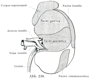 右腎の前面には肝臓面,結腸結腸間膜面,十二指腸面Facles hepatica, colomesocolica, duodenalisがある.また上内側縁は腎上体面Facles suprarenalisをもっている.それに対して左腎の前面には胃面Facles gastrica,膵臓面Facles pancreatica,結腸結腸間膜面Facles colomesocolicaがあり,また脾面Facles lienalisが外側縁にも及んで存在し,上内側縁から前面に少しかかつて腎上体面Facles suprarenalisがある(図164, 237, 238).
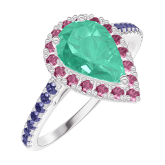 Inel Aur alb 18 carate - Smarald Pară 0.5 carate - Halo Rubin - Încrustare Safir albastru
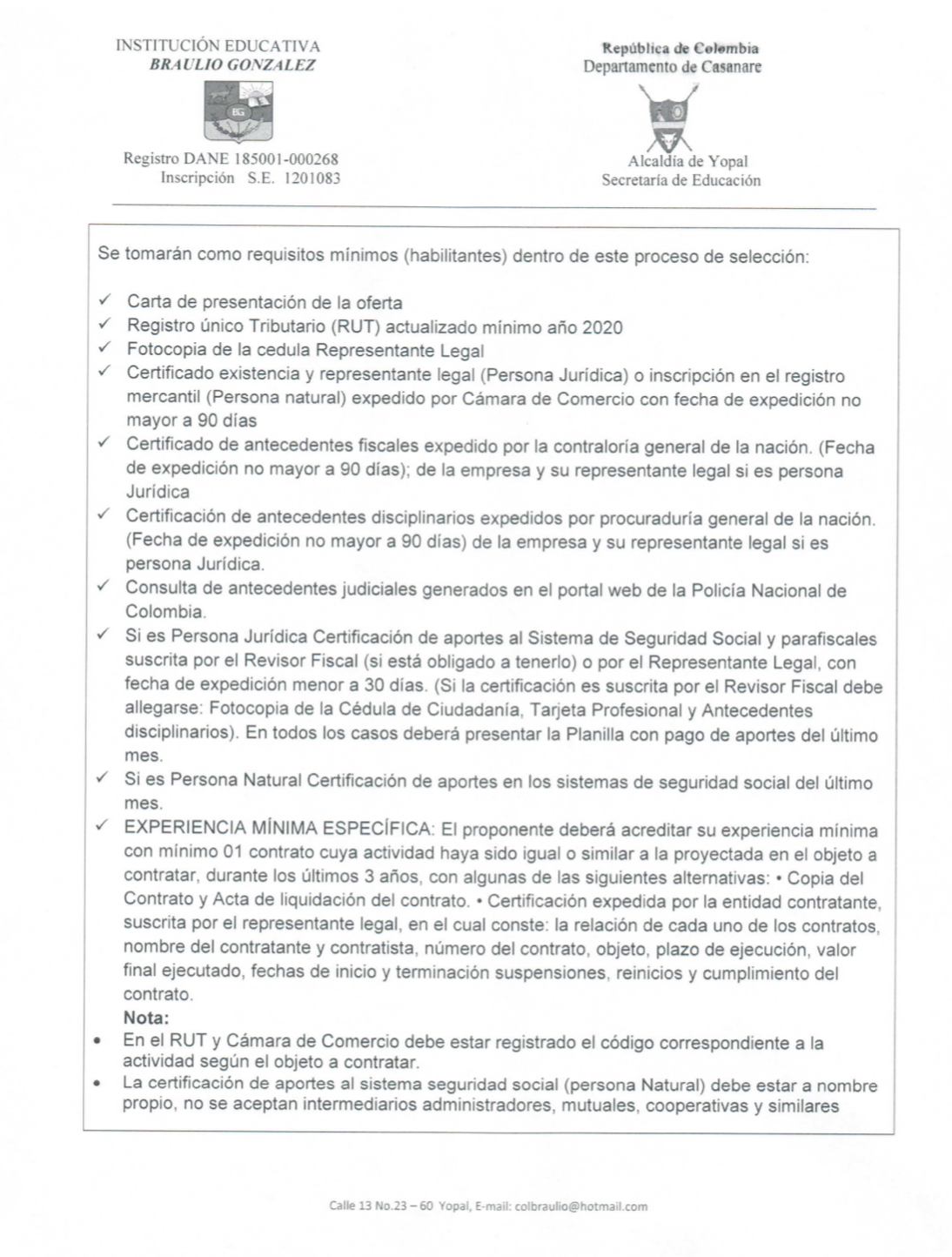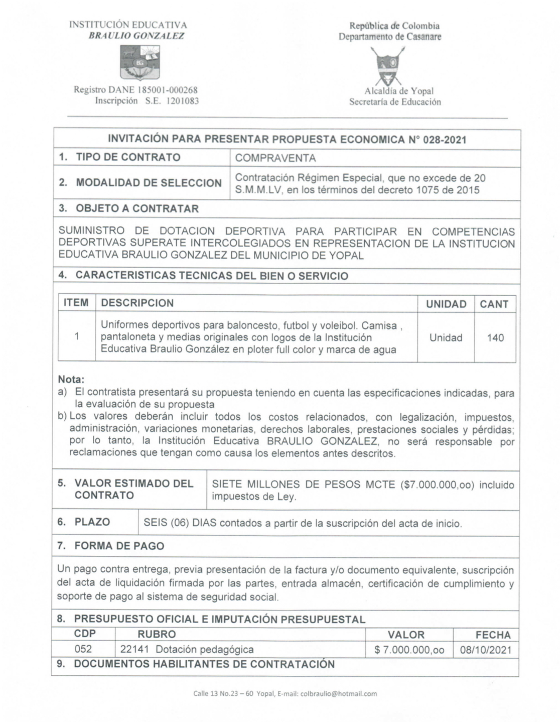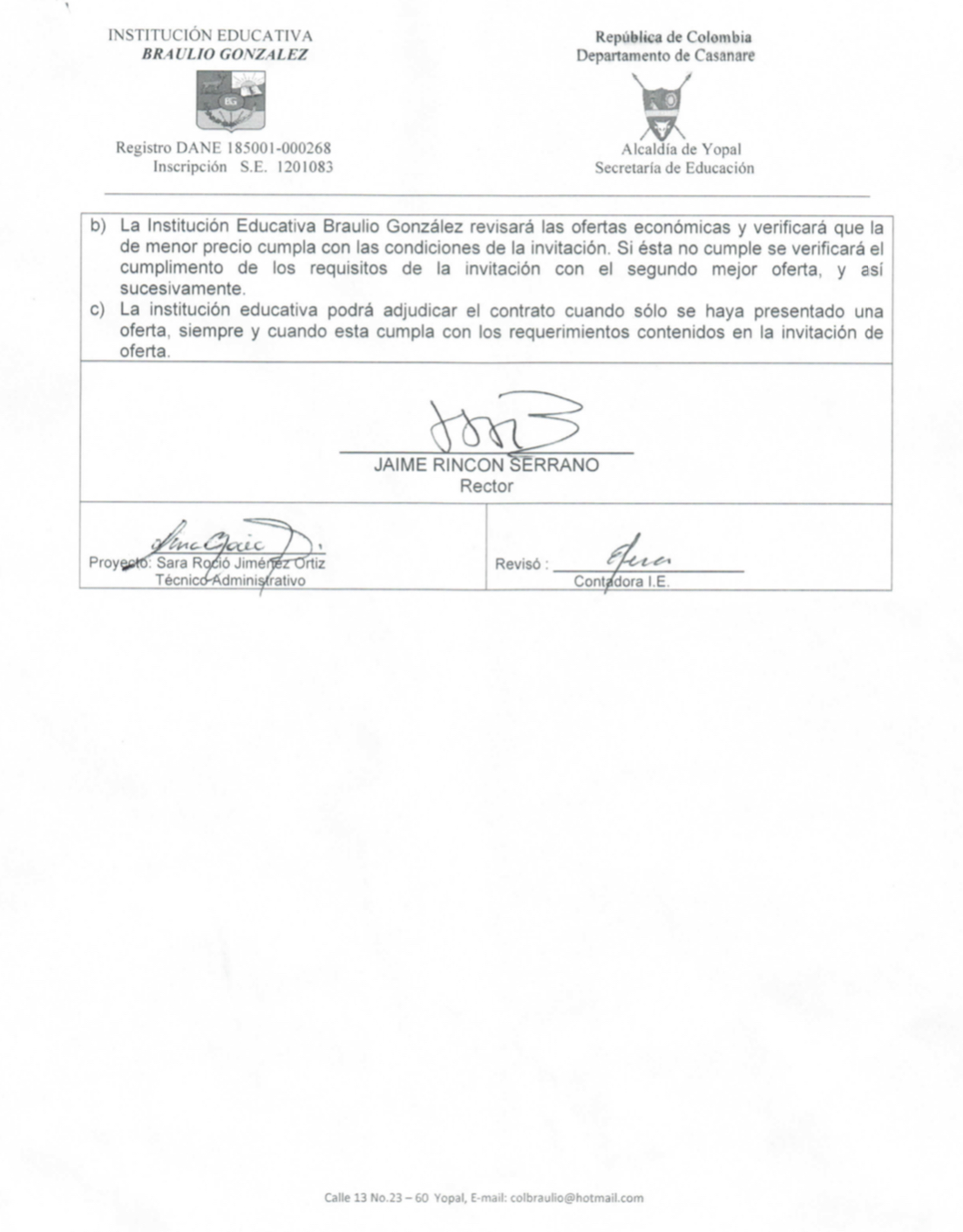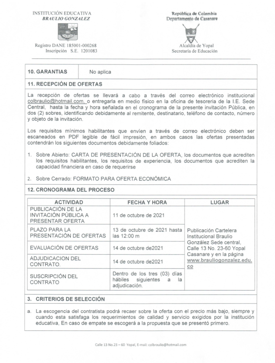 INVITACIÓN PARA PRESENTAR PROPUESTA ECONÓMICA Hora de inicio 8:00 am 12 octubre, 2021 Tiempo de finalización 12:00 pm 13 octubre, 2021 Participantes del evento Jaime Rincón Serrano Rector Ligia Bautista Ortiz Psicoorientadora Sede Central Yolanda Carvajal Leal Coordinadora Simón Bolivar Oswaldo Rozo Coordinador Sede Campestre Gloria Medina Caceres Coordinadora Sede Central Compartir:

* **WHAT YOU HAVE TO DO**
Repeat the lines above exactly, and keep every picture out.

* **RESULT**
 右腎の前面には肝臓面,結腸結腸間膜面,十二指腸面Facles hepatica, colomesocolica, duodenalisがある.また上内側縁は腎上体面Facles suprarenalisをもっている.それに対して左腎の前面には胃面Facles gastrica,膵臓面Facles pancreatica,結腸結腸間膜面Facles colomesocolicaがあり,また脾面Facles lienalisが外側縁にも及んで存在し,上内側縁から前面に少しかかつて腎上体面Facles suprarenalisがある(図164, 237, 238).
 Inel Aur alb 18 carate - Smarald Pară 0.5 carate - Halo Rubin - Încrustare Safir albastru
 INVITACIÓN PARA PRESENTAR PROPUESTA ECONÓMICA Hora de inicio 8:00 am 12 octubre, 2021 Tiempo de finalización 12:00 pm 13 octubre, 2021 Participantes del evento Jaime Rincón Serrano Rector Ligia Bautista Ortiz Psicoorientadora Sede Central Yolanda Carvajal Leal Coordinadora Simón Bolivar Oswaldo Rozo Coordinador Sede Campestre Gloria Medina Caceres Coordinadora Sede Central Compartir:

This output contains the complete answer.